Remember, Remember the 9th of November
WollyMammoth | 09.11.2009 19:45 | Anti-racism
The night when persecution became extermination.
On the 9th of November 1938 Hitler’s willing executioners unleashed a series of brutal riots against Jewish persons. Within a few hours, hundreds were murdered, thousands of synagogues, businesses and homes were attacked, looted and many destroyed.
On the 9th of November 1938 Hitler’s willing executioners unleashed a series of brutal riots against Jewish persons. Within a few hours, hundreds were murdered, thousands of synagogues, businesses and homes were attacked, looted and many destroyed.
Nearly all synagogues in Germany and Austria were destroyed and people were attacked, mutilated and murdered on the streets and in their homes. It is estimated that during the full length of the riots (7-10th November), more than 800 Jewish persons (1) were murdered or driven to suicide.
In the days and weeks after the 9th November, 30,000 Jewish persons were deported to concentration camps where many more were murdered. The death toll of the riots and their immediate aftermath has been estimated at between 1,300-1,500 persons. (2)
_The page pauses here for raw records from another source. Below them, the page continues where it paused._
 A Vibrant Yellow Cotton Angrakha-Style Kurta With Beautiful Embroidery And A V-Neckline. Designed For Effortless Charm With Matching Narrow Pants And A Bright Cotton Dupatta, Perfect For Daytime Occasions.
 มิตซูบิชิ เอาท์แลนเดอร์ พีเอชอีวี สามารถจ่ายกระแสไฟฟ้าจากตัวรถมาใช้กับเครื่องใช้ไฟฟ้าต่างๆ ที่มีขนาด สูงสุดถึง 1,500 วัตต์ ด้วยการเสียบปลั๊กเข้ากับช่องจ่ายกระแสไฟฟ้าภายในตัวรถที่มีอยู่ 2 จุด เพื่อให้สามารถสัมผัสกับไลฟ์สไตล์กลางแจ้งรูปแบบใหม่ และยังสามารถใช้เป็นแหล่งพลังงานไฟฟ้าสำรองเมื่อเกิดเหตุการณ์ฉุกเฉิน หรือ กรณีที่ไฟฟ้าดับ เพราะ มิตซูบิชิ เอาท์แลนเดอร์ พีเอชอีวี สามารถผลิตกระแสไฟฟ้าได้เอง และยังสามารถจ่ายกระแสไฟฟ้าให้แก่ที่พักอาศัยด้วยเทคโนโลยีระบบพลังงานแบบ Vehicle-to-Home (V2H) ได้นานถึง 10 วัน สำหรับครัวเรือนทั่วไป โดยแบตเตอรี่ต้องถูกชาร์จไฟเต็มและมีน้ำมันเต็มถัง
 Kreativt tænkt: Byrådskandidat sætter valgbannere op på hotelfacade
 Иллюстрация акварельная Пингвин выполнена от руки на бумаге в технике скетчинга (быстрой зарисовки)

This event became known as Kristallnacht, because of the shattered store windowpanes that carpeted German streets. This is still often translated as “Night of the Broken Glass”, but the meaning of this specific German term must be translated more precisely as “Crystal Night”. Kristallnacht has therefore been widely criticised as a euphemistic term, as it suggests glittery glamour and diverts from the monstrous brutality of that night’s events. In Germany these barbaric acts are now widely known as Novemberpogrome.
Systematic discrimination and persecution of Jewish persons started long before the Novemberpogrome. There was the boycott of Jewish businesses (1933), the Nuremberg Laws (1935) and all the pieces of anti-Jewish legislation, the dispossessions, the forced emigrations and the daily abuse of and attacks on Jewish persons everywhere in the Third Reich.
The Novemberpogrome marked the change from the brutal persecution to the systematic elimination of Jewish persons in the German’s sphere of influence. By now even outside the Reich it was obvious that anti-Semitism, the pseudo-science created in the 19th and 20th century, based and fuelled by many centuries of Christian anti-Judaism had become something even more horrifying: eliminationist anti-Semitism. This was the delusional belief that the imagined “destructive Jewish influence” had to be eliminated irrevocably from German society.
Even though it was denied after the destruction of the Nazi state, eliminationist anti-Semitism was part of the worldview of nearly every German. Not only Hitler, the eight million members of the Nazi Party and the SS guards on the towers of the death camps were guilty of the Holocaust. The police who provided address lists of Jewish persons and raided their homes, the postal workers who delivered deportation notes, the railway workers who operated the deportation trains, the soldiers who fought to stop the liberating allied forces, those who stood by and watched the Novemberpogrome happen, the children that spat at their Jewish classmates – they were all guilty – as are my Grandfathers and Grandmothers.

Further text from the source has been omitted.